WHAT YOU SHOULD DO:
What you write must match the records exactly, except for the images, which are left out.
───── PROVIDED INFORMATION
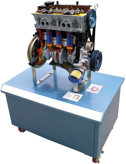 1.采用原廠發(fā)動(dòng)機(jī)實(shí)物總成進(jìn)行機(jī)構(gòu)切剖安裝在冷板沖壓的柜式臺(tái)架,充分展示發(fā)動(dòng)機(jī)機(jī)構(gòu)部分的內(nèi)外結(jié)構(gòu)。
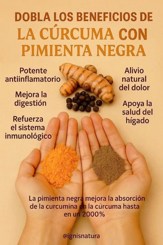 La cúrcuma, reconocida por siglos en la medicina ayurvédica, es uno de los antiinflamatorios naturales más potentes que existen. Sin embargo, su principal compuesto activo, la curcumina, tiene una baja biodisponibilidad, lo que significa que el cuerpo humano la absorbe con dificultad. Pero aquí entra en juego la magia: al combinarla con pimienta negra, sus beneficios se multiplican.
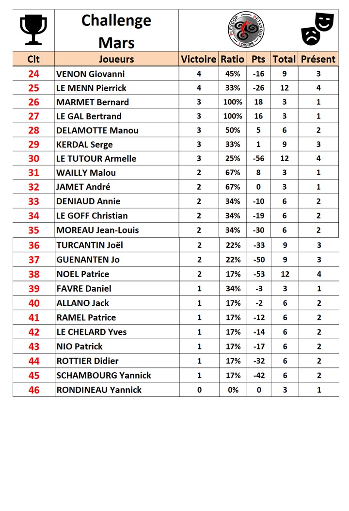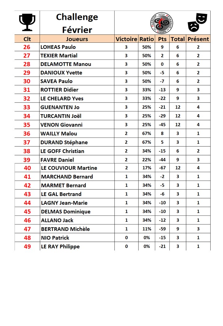 Yannick, encore une belle performance, 40 joueurs.
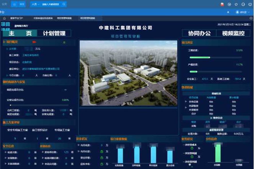 (2)研发了大型城市综合体建造的数字化技术。提出了装配式多层大悬挑钢结构数字化预拼装与智慧建造技术,结合BIM技术及物联网,对悬挑钢结构精准预起拱和卸载,运用装配式钢结构建筑信息化管理技术,实现工程多方协调合作和全寿命周期管理。
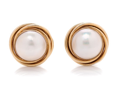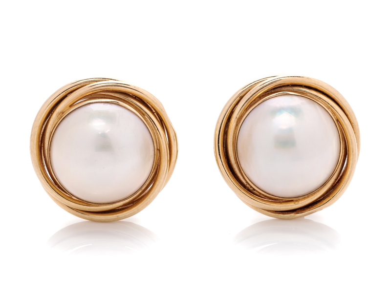 A Pair of 14 Karat Yellow Gold and Cultured Mabe Pearl Earclips,
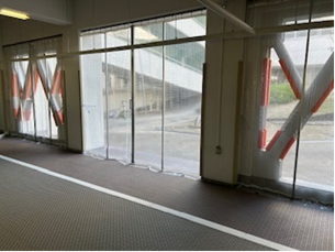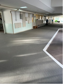今回の工事では、B部門教室棟とスロープ棟の外壁改修が中心でした。壁が全面的に塗り替えられすっかりきれいになりました。また経年劣化で建て付けが悪く開閉しにくくなっていたベランダや廊下の窓も新しくなり、開閉もスムーズになりました。さらに小学部前の廊下も改修されました。一つは廊下がタイル張りでしたが、滑りにくいソフトなシート張りに改修されました。もう一つは同じく小学部前の廊下にアコーデオンカーテンが新設されました。これで雨水や風、落ち葉の侵入を防ぐことができます。
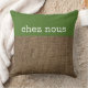 Land Cabin Fransk Dekorativ kudde. Rustic burlap ser ut med Chez Nous mot Grönt. Elaken "i vårt hus" i Fransk.
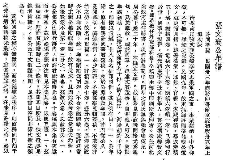 是记署“中华民国二十八年十二月”,张仁蠡时为汪伪武汉特别市政府市长,在武汉将许同莘此前“投赠好友”之油印本付梓。书前许氏自序,交代此编“自草创迄于写定,凡五易其稿”,并述为其所“景慕”之张文襄公作谱,无论出于公义私谊,均属责无旁贷:“考其身世、叙次其文章事业,以寄低回想往之思,虽未必合于古人,而论者有取焉。况亲炙其人,得见其行事,而怵于著书之难,不及其时,荟萃考订,以成一编,是便私图负知己,而非公义所宜出也”。后出之商务版,文字、体例一仍前版,全书共十卷,以张之洞生平事业之段落为分卷准则,大字提纲,小字附注,其事不能纯以年月区别者,则附入各卷之末。
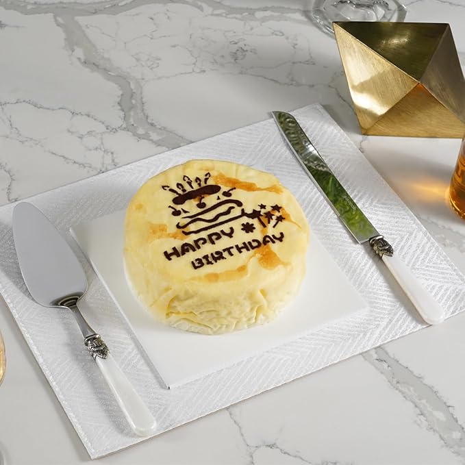 2-piece Cake Knife and Serve Set, Fancy Hand Craft Italian Design, Vintage Pie Knife Server Set with Handle, Cake Cutter Set (White)
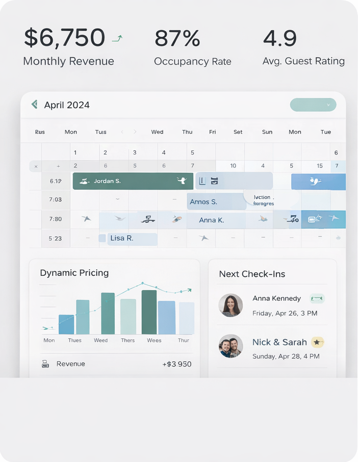 From dynamic pricing and AI-powered communication to hands-on local operations, every detail is designed to increase occupancy, optimize revenue, and ensure seamless stays.
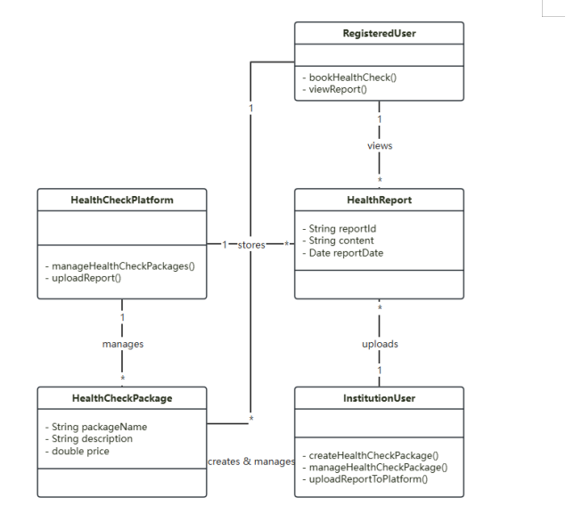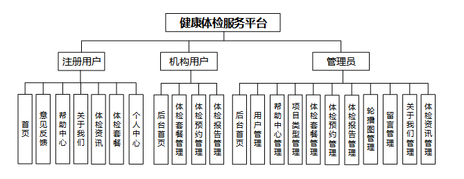 平台主要包括用户端、机构端和管理员端三个部分。用户端提供体检套餐浏览、预约、报告查询、健康资讯等功能;机构端主要用于管理体检套餐、处理预约记录、上传体检报告;管理员端则负责用户管理、数据审核、报告管理等后台操作。
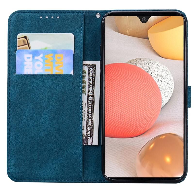 Θήκη Samsung Galaxy A42 5G, Δερμάτινη Flip με υφή retro, ανάγλυφα σχέδια με πεταλούδες, οριζόντια, με βάση στήριξης & θήκες για κάρτες & πορτοφόλι (Καφέ)
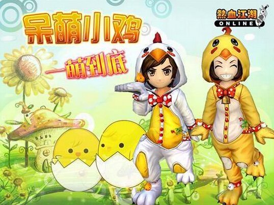 “呆萌小鸡”披风分为男女不同款式,采用了现下颇为流行的连体服样式,小鸡造型兜帽、小鸡爪子的手脚套,玩家从头到脚无一不展现出浓浓的萌属性。男款披风主色调为白色,并有胸前和腿部的大片亮黄色起撞色效果;女款披风则和男款披风在色调上相反,主色调为亮黄色,并采用白色作为撞色配色。呆萌小鸡披风除了整体造型仿佛刚出身的小鸡,还使用了红底白点的波点蝴蝶结和手腕脚腕的装饰点缀,萌中带着时尚,潮流中带着可爱。
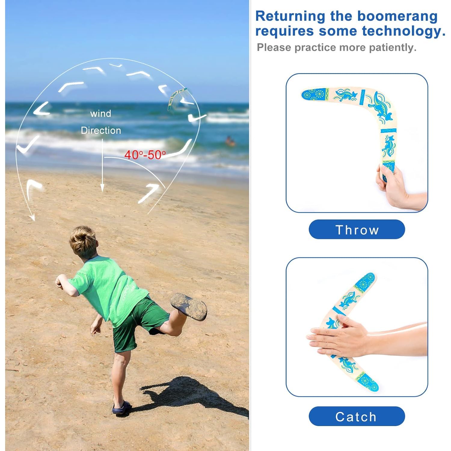 - THE PERFECT GIFT: The boomerang toy is a great choice to give to your family or friends as a Christmas, birthday or Thanksgiving gift. Children and adults can have fun with it. Throwing it back and forth can promote parent-child relationship.
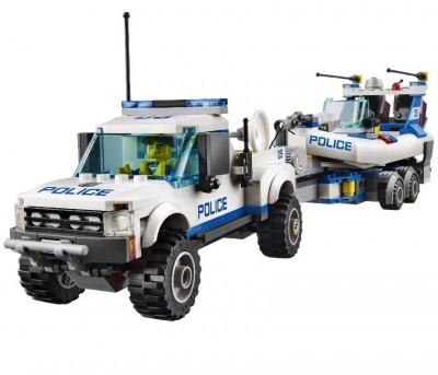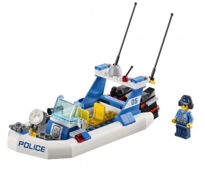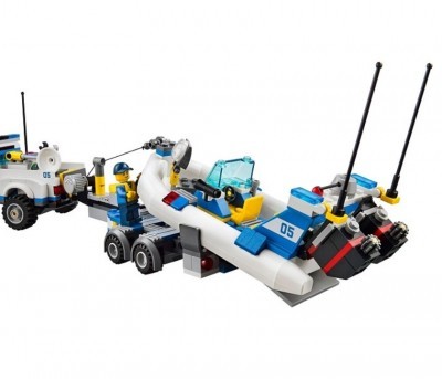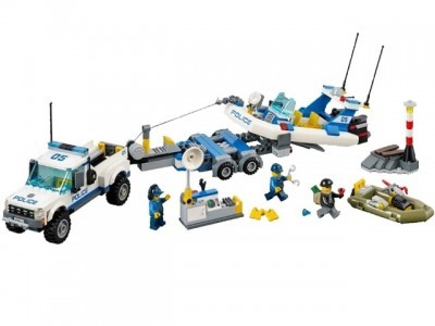 В набор конструктора входят: детали для создания транспортировщика с катером и моторной лодки, двух небольших локаций (маяка и полицейского участка) и три фигурки (2 полицейских и воришка).
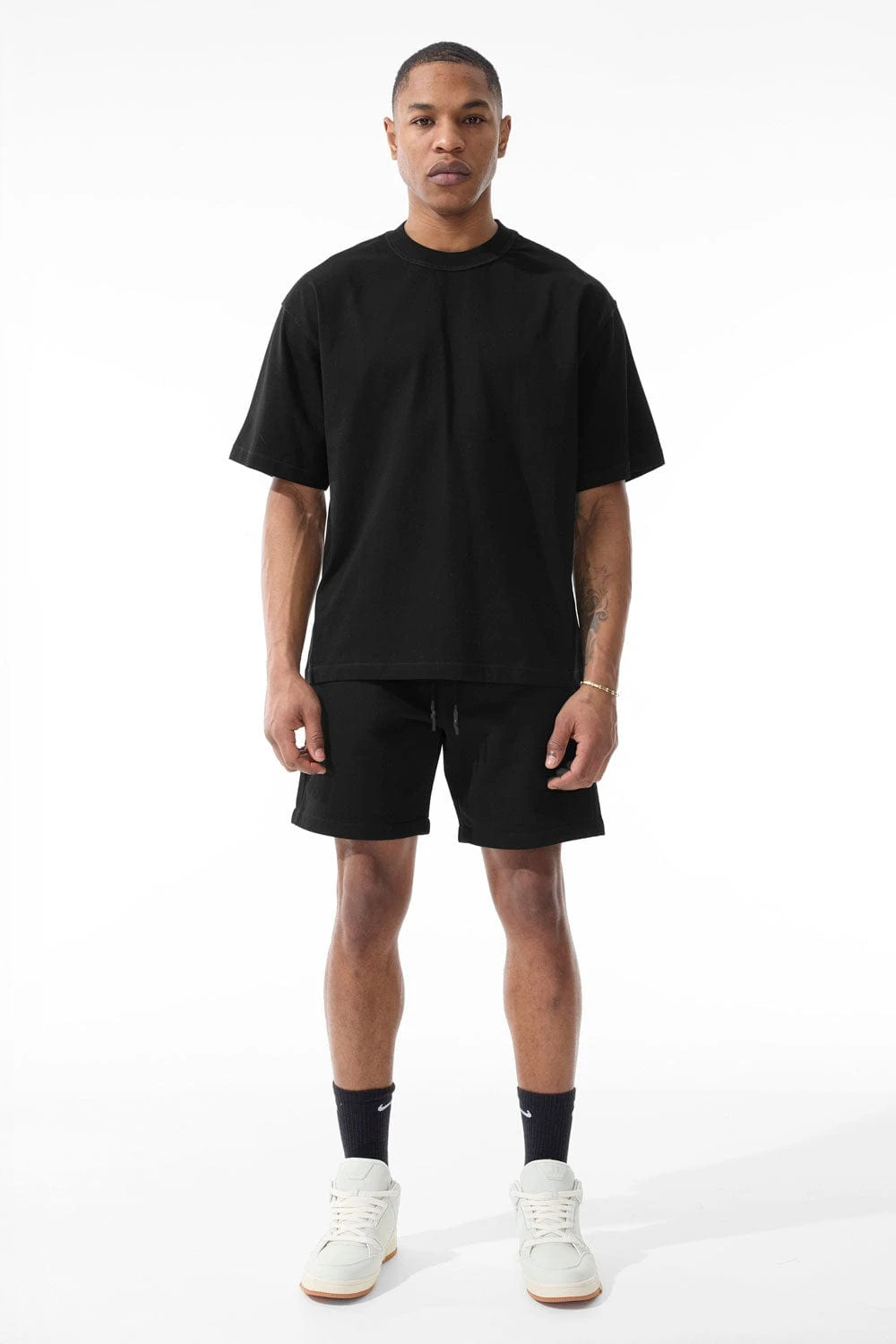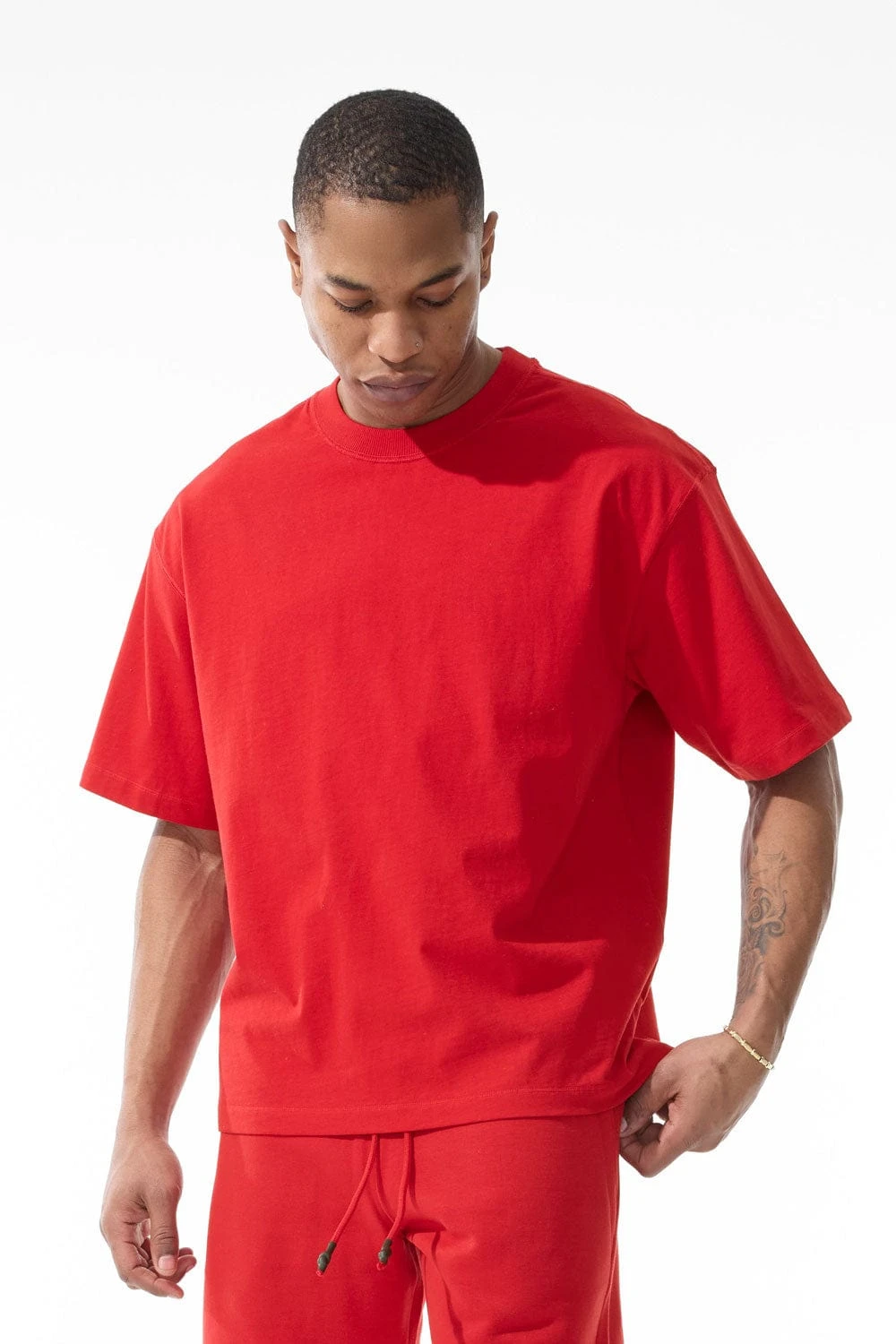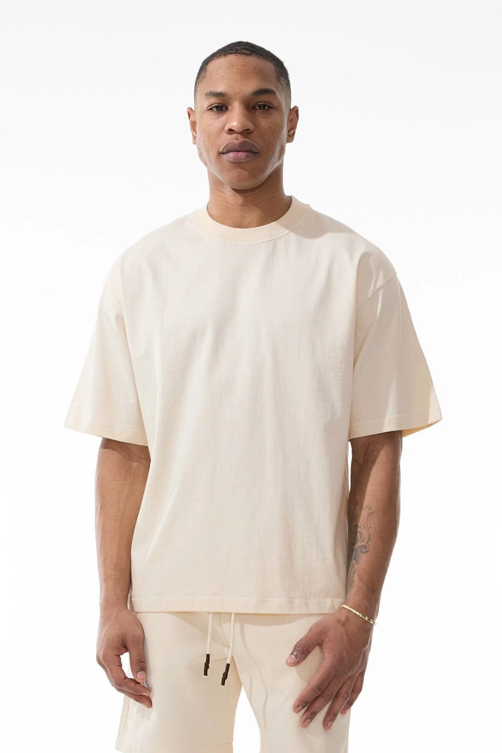 *Damaris is 6’1″ and weighs 180 lbs. He is wearing our Burbank Cropped Boxy T-Shirt (Size Large)
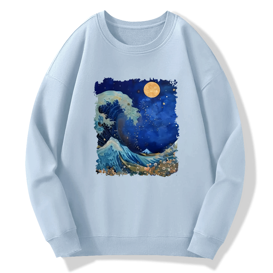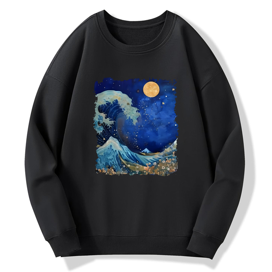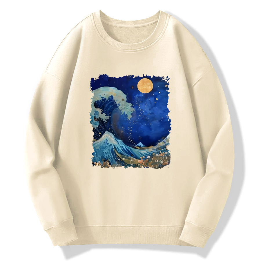 Waves in the Night, Japanese Art Cotton Pullover Sweatshirt
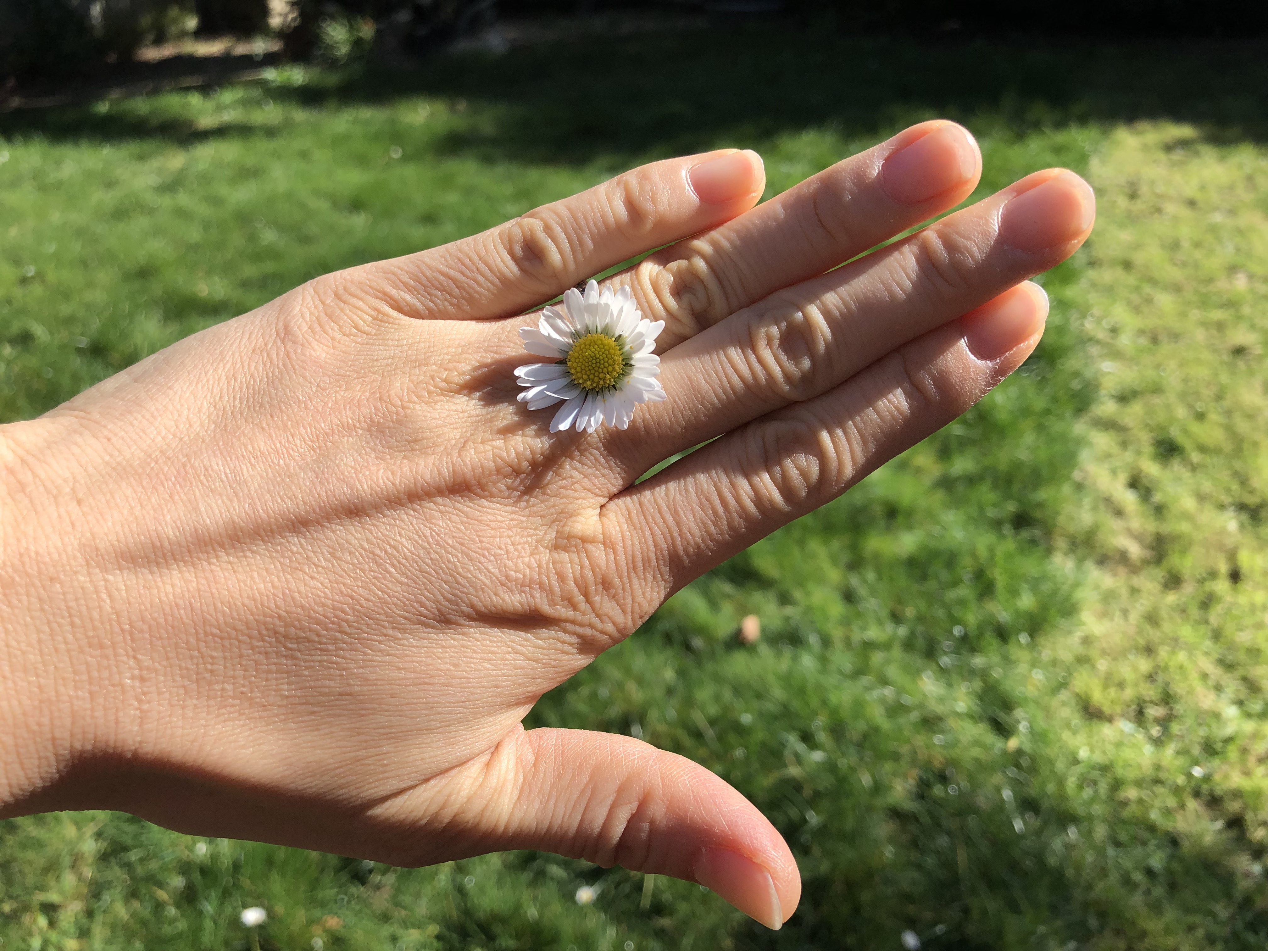 ↗아이가 따다 준 꽃 한송이를 손가락 사이에 끼워보았더니 꼭 꽃반지를 낀 듯 참 예뻤어요.
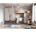 Кровать продается в комплекте с удобной лестницей, угловым шкафом и открытыми полками для хранения. Мебель для детской Киви с белыми матовыми фасадами подходит для мальчиков и девочек благодаря современному сочетанию цветов и рельефному рисунку в виде пазла на фасадах.
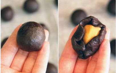 לוקחים כדור שוקולדי ובעזרת הידיים משטחים אותו עד שמתקבל עיגול דקיק. מניחים במרכזו כדור קטן של המלית, סוגרים את קצוות בצק השוקולד על מלית חמאת הבוטנים, מגלגלים בין הידיים עד לקבלת כדור מושלם, מניחים בתבנית האפייה.
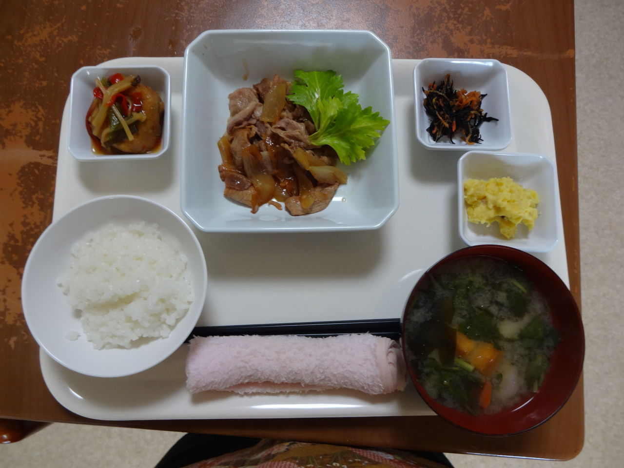 本日のメニュー 2014.03.24 04:12 本日のメニューです(3月24日)〈昼食〉 主食 ご飯 味噌汁主菜 豚肉のてりやき副菜 絹ごし揚げのオイスターあん添物 おさつサラダ ちりめんひじき山しょう〈夕食〉 主食 ご飯 野菜スープ主菜 イワシのオレンジ煮副菜 入り豆腐添物 菜の花の黒胡麻和え カリフラワーの土佐和え 蕗味噌
──────────
ANSWER TO THIS PROBLEM:
 1.采用原廠發(fā)動(dòng)機(jī)實(shí)物總成進(jìn)行機(jī)構(gòu)切剖安裝在冷板沖壓的柜式臺(tái)架,充分展示發(fā)動(dòng)機(jī)機(jī)構(gòu)部分的內(nèi)外結(jié)構(gòu)。
 La cúrcuma, reconocida por siglos en la medicina ayurvédica, es uno de los antiinflamatorios naturales más potentes que existen. Sin embargo, su principal compuesto activo, la curcumina, tiene una baja biodisponibilidad, lo que significa que el cuerpo humano la absorbe con dificultad. Pero aquí entra en juego la magia: al combinarla con pimienta negra, sus beneficios se multiplican.
 Yannick, encore une belle performance, 40 joueurs.
 (2)研发了大型城市综合体建造的数字化技术。提出了装配式多层大悬挑钢结构数字化预拼装与智慧建造技术,结合BIM技术及物联网,对悬挑钢结构精准预起拱和卸载,运用装配式钢结构建筑信息化管理技术,实现工程多方协调合作和全寿命周期管理。
 A Pair of 14 Karat Yellow Gold and Cultured Mabe Pearl Earclips,
今回の工事では、B部門教室棟とスロープ棟の外壁改修が中心でした。壁が全面的に塗り替えられすっかりきれいになりました。また経年劣化で建て付けが悪く開閉しにくくなっていたベランダや廊下の窓も新しくなり、開閉もスムーズになりました。さらに小学部前の廊下も改修されました。一つは廊下がタイル張りでしたが、滑りにくいソフトなシート張りに改修されました。もう一つは同じく小学部前の廊下にアコーデオンカーテンが新設されました。これで雨水や風、落ち葉の侵入を防ぐことができます。
 Land Cabin Fransk Dekorativ kudde. Rustic burlap ser ut med Chez Nous mot Grönt. Elaken "i vårt hus" i Fransk.
 是记署“中华民国二十八年十二月”,张仁蠡时为汪伪武汉特别市政府市长,在武汉将许同莘此前“投赠好友”之油印本付梓。书前许氏自序,交代此编“自草创迄于写定,凡五易其稿”,并述为其所“景慕”之张文襄公作谱,无论出于公义私谊,均属责无旁贷:“考其身世、叙次其文章事业,以寄低回想往之思,虽未必合于古人,而论者有取焉。况亲炙其人,得见其行事,而怵于著书之难,不及其时,荟萃考订,以成一编,是便私图负知己,而非公义所宜出也”。后出之商务版,文字、体例一仍前版,全书共十卷,以张之洞生平事业之段落为分卷准则,大字提纲,小字附注,其事不能纯以年月区别者,则附入各卷之末。
 2-piece Cake Knife and Serve Set, Fancy Hand Craft Italian Design, Vintage Pie Knife Server Set with Handle, Cake Cutter Set (White)
 From dynamic pricing and AI-powered communication to hands-on local operations, every detail is designed to increase occupancy, optimize revenue, and ensure seamless stays.
 平台主要包括用户端、机构端和管理员端三个部分。用户端提供体检套餐浏览、预约、报告查询、健康资讯等功能;机构端主要用于管理体检套餐、处理预约记录、上传体检报告;管理员端则负责用户管理、数据审核、报告管理等后台操作。
 Θήκη Samsung Galaxy A42 5G, Δερμάτινη Flip με υφή retro, ανάγλυφα σχέδια με πεταλούδες, οριζόντια, με βάση στήριξης & θήκες για κάρτες & πορτοφόλι (Καφέ)
 “呆萌小鸡”披风分为男女不同款式,采用了现下颇为流行的连体服样式,小鸡造型兜帽、小鸡爪子的手脚套,玩家从头到脚无一不展现出浓浓的萌属性。男款披风主色调为白色,并有胸前和腿部的大片亮黄色起撞色效果;女款披风则和男款披风在色调上相反,主色调为亮黄色,并采用白色作为撞色配色。呆萌小鸡披风除了整体造型仿佛刚出身的小鸡,还使用了红底白点的波点蝴蝶结和手腕脚腕的装饰点缀,萌中带着时尚,潮流中带着可爱。
 - THE PERFECT GIFT: The boomerang toy is a great choice to give to your family or friends as a Christmas, birthday or Thanksgiving gift. Children and adults can have fun with it. Throwing it back and forth can promote parent-child relationship.
 В набор конструктора входят: детали для создания транспортировщика с катером и моторной лодки, двух небольших локаций (маяка и полицейского участка) и три фигурки (2 полицейских и воришка).
 *Damaris is 6’1″ and weighs 180 lbs. He is wearing our Burbank Cropped Boxy T-Shirt (Size Large)
 Waves in the Night, Japanese Art Cotton Pullover Sweatshirt
 ↗아이가 따다 준 꽃 한송이를 손가락 사이에 끼워보았더니 꼭 꽃반지를 낀 듯 참 예뻤어요.
 Кровать продается в комплекте с удобной лестницей, угловым шкафом и открытыми полками для хранения. Мебель для детской Киви с белыми матовыми фасадами подходит для мальчиков и девочек благодаря современному сочетанию цветов и рельефному рисунку в виде пазла на фасадах.
 לוקחים כדור שוקולדי ובעזרת הידיים משטחים אותו עד שמתקבל עיגול דקיק. מניחים במרכזו כדור קטן של המלית, סוגרים את קצוות בצק השוקולד על מלית חמאת הבוטנים, מגלגלים בין הידיים עד לקבלת כדור מושלם, מניחים בתבנית האפייה.
 本日のメニュー 2014.03.24 04:12 本日のメニューです(3月24日)〈昼食〉 主食 ご飯 味噌汁主菜 豚肉のてりやき副菜 絹ごし揚げのオイスターあん添物 おさつサラダ ちりめんひじき山しょう〈夕食〉 主食 ご飯 野菜スープ主菜 イワシのオレンジ煮副菜 入り豆腐添物 菜の花の黒胡麻和え カリフラワーの土佐和え 蕗味噌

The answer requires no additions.